Wednesday, August 21, 2013

First Day of School

Today was the first first day of school in many years that I have not been in school. Yesterday was traumatic. The rush of supply shopping and getting the best deals, the craft involved in creating just the right units, and the nervous energy that keeps a teacher (and I suppose students, too) up all night in anticipation--not there. To alleviate my sadness, my husband and I went out for dinner, and I even had dessert. Feed my pain...

Today, I anticipated, would be even worse since this was that first day of school and I wasn't going. I over-planned my morning with chores and errands so that I wouldn't be overwhelmed by the day. Surprisingly, I wasn't--at all. Granted I was pretty busy, but after a good luck text to a still-in-the-trenches friend, I was fine. In fact, I had a very productive day and am now ahead of schedule on one of my projects. So, what happened?

I came across a quote as I was reading from positive psychology guru  Martin Seligman that says, "Relieving the states that make life miserable… has made building the states that make life worth living less of a priority." It turns out, it's all about how you focus your energy. The state that was making me miserable yesterday was missing my former students, feeling left out of the back-to-school hype, and regretting the missed opportunity to meet a new batch of kids. To relieve that, I sulked (not an effective relief of misery) and bribed myself with sugar in order to feel less miserable.
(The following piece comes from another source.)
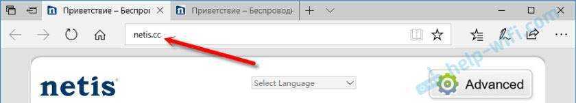 Продолжаем. На устройстве, которое подключено к маршрутизатору открываем любой браузер и переходим по адресу netis.cc. Адрес нужно вводить в адресной строке браузера.
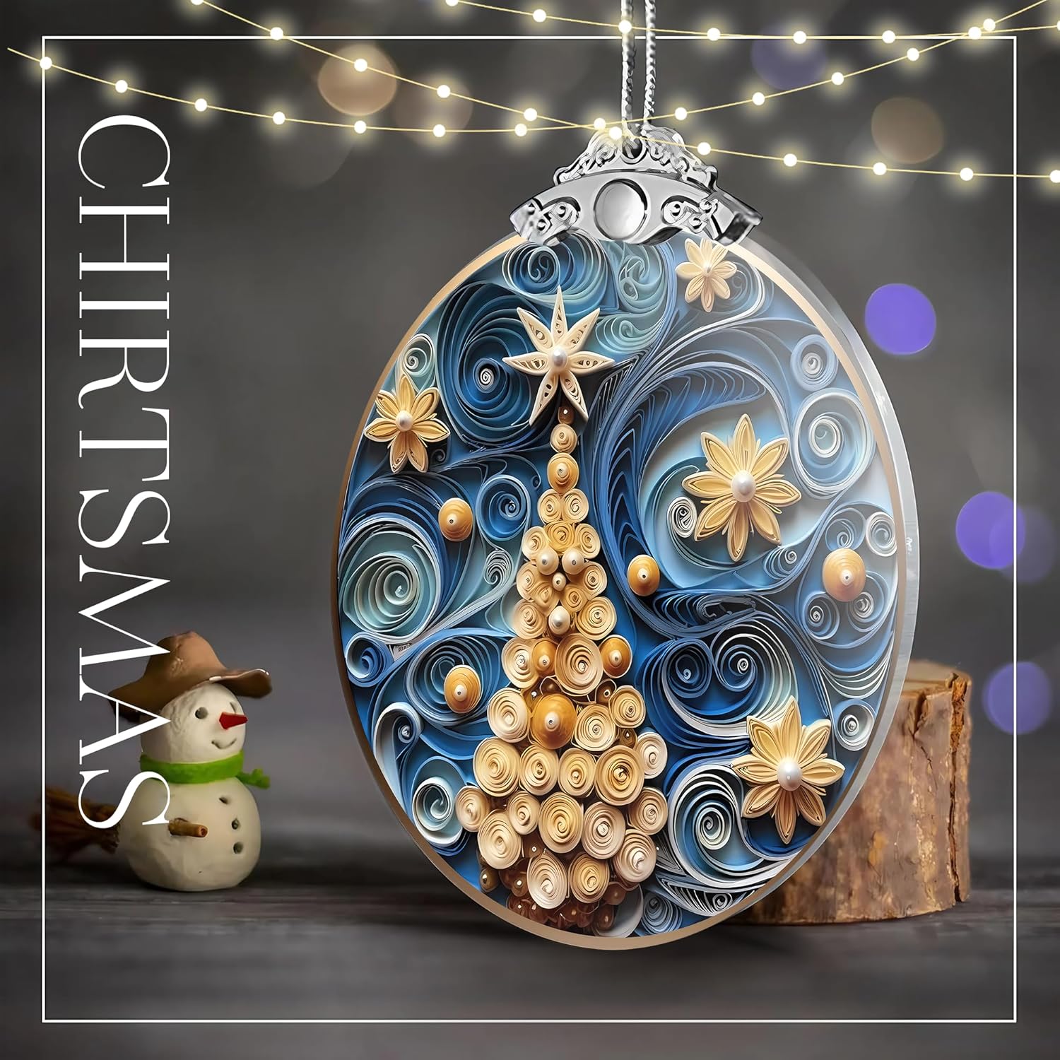 2025 Christmas Ornament, Stained Glass Effections, Christmas Tree 4 Inch Acrylic Ornament Art, White Elephant Gifts Car Interiors Decors, Christmas Decor (Quilling Tree 2)

But feeling less miserable shouldn't be the goal. Relieving misery and distracting from the negative has become the overwhelming mantra of popular culture--I blame advertising. You are too this, not enough this, you need this, you are dissatisfied because of this. Instead of letting the media focus our experiences to relieve the negativity, we need to embrace the positive and make increasing happiness the priority.

FYI--happiness is not the absence or relief of misery. Happiness is not the negative space where misery used to be. Seligman challenges us to build positive energy into more than a feeling, but a state of being. We must purposefully create a mental environment that is more at home feeling happiness than misery. We need to make happy the default setting and misery the malfunction. Building the positives helps us control for the negatives and mitigate the misery of a bad day. Things may make you miserable but it's a positive state of being that promotes happiness.
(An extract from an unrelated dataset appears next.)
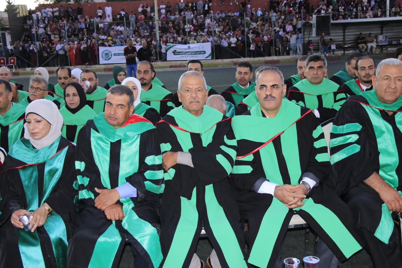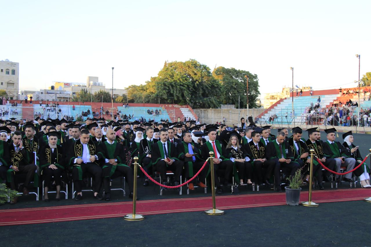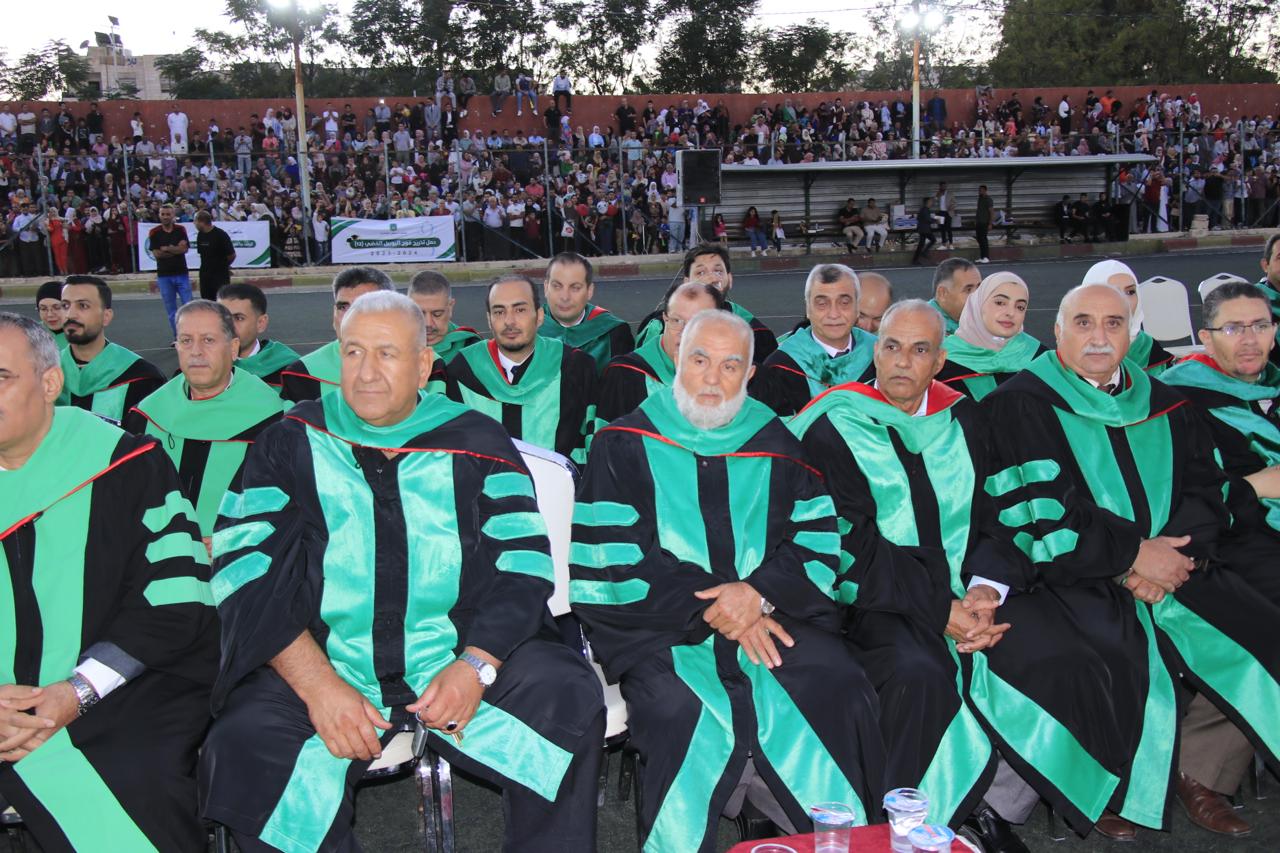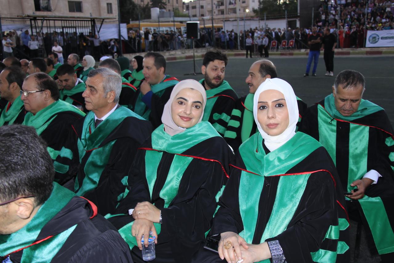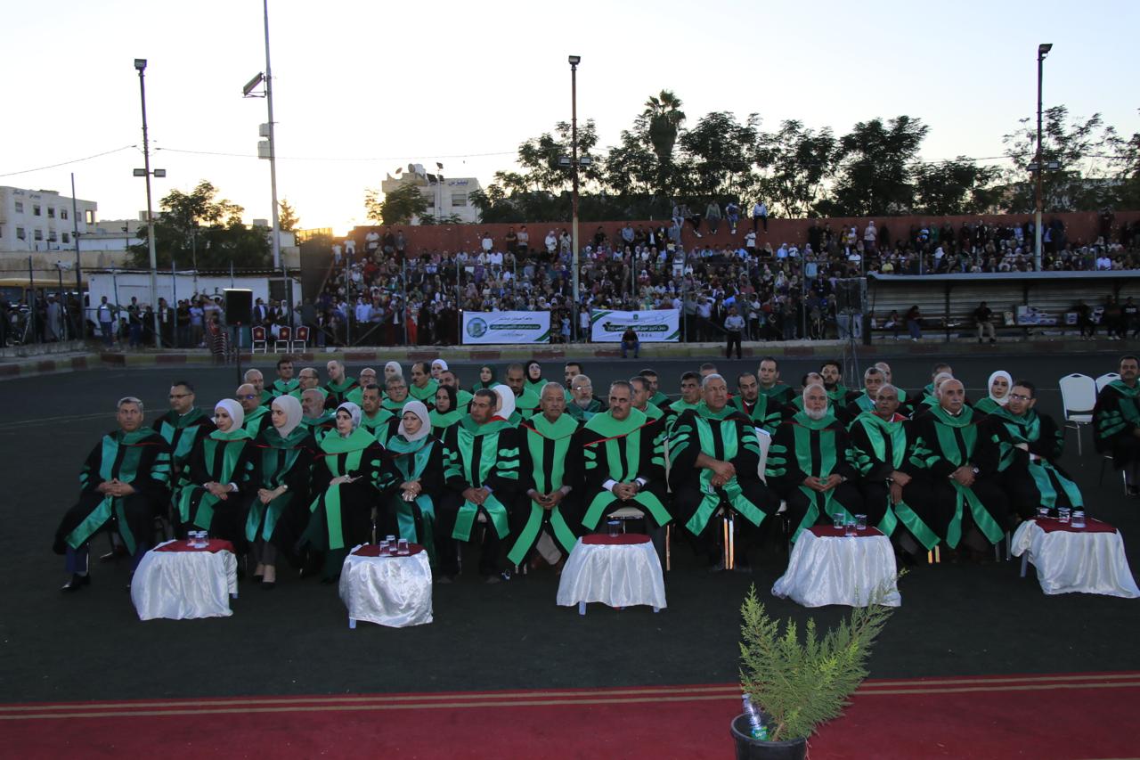 وفي نهاية حفل التخريج الذي أقيم في الملعب البلدي في اربد قام الدكتور الصمادي ورئيس الجامعة الهنانده بتسليم الطلبة شهادتهم بحضورعمداء كليات الجامعة واعضاء الهيئة التدريسية في الجامعة وأولياء أمور الطلبة.

So what does this mean for teachers? I'm going to go straight to testing on this one, and since I taught English, I'll start with reading tests. The occasion for students that would make life miserable is failing and having to re-take a standardized reading test. The failure, the re-take, the frustration--those lead to misery. How do we (as teachers) try to mitigate that misery? Test preparation. Students won't be miserable is we teach them the best ways to take the test so they can pass, feel successful, and not have to take it over again. We remediate, we pre-test, we assess ad nauseum. We try to avoid the negatives of a failed test...instead of trying to build a positive reading culture that our students take with them.

The whole purpose of testing is to ensure that society is composed of literate, critically-thinking individuals. But the best way to do that isn't to test (and test and test...) but to build a culture that creates an environment that embraces the positive benefits of reading. Reading takes you places you've never been, to world that don't physically exist. Reading lets you try on different roles and presents you with new role models. Reading lets you know about the world so you can find your place in it. Reading is power and freedom and belonging and survival and fun--all of Glasser's needs in one activity.

The basic question, then, is this: why do we work so hard to relieve future misery when we should be helping our students build a positive, meaningful relationship to the power of reading.